Early morning -- I move my new car out of the driveway onto the muddy street. One day and it's already filthy. Rockaway is one giant dust bowl. The cleansing rain didn't cleanse enough.

10AM: Mike the air condition/heating guy sends over a 3 man crew to finish the work of replacing damaged equipment which will give us heat on the main level of the house (we already have the 3 bedrooms working off the individual room heat exchangers. All we need is for Ken the electrician to come and run a new line to the compressor and we could stop hovering over the stove burners, which we are sure is giving us CO2 poisoning. (Excuse me while I take a nap). We also need Ken to start rewiring and reconnecting our power throughout the house so we can stop running extension cords from the garage throughout the house. But my last contact with Ken was not promising. If he ever finishes I would be close to back to normal.
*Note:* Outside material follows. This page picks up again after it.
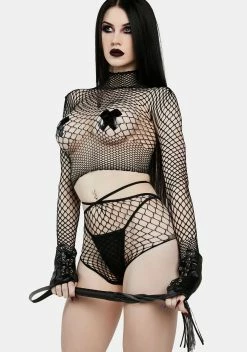 cuz make their dreams come true. This crotchless bodystocking has a sheer micronet construction, deep v-neckline, and an abstract design all over.

1PM: I'm in the midst of demolishing more sheet rock between basement and den, along with a basement closet that was never taken apart -- and I'm finding some ugly mold. I should have taken care of this before. I figure I could leave for the DA around 2:30. But lo and behold Ken shows up to run the line to the compressor. I practically beg him to connect up some of the lines that didn't get wet. He says maybe if he has time. In the meantime he tells me some bad news. He won't rewire the wet stuff in the basement which powers our entire kitchen/dining room and who knows what else until I clean up the area near the ceiling and spray it for mold. My wife doesn't want these pros in who will toss all kinds of poison around --- they want to use a fogger and we would have to abandon the house for most of a day with the cats. She wants us to mix up a solution of vinegar and water and go at it. She orders a dehumidifier to help dry out the basement. Now we did have some anti mold spraying done when the crew we hired cleaned out the basement just 5 days after the storm. But there's a hell of a lot of remaining grit up near the rafters that has to be sprayed and we have to do that before the new wiring. I'm seeing Xmas with extension cords. Ken says I should cut all the BX cables myself and pull them out. But where do I cut them so he can follow the trail when he comes back? Jeez.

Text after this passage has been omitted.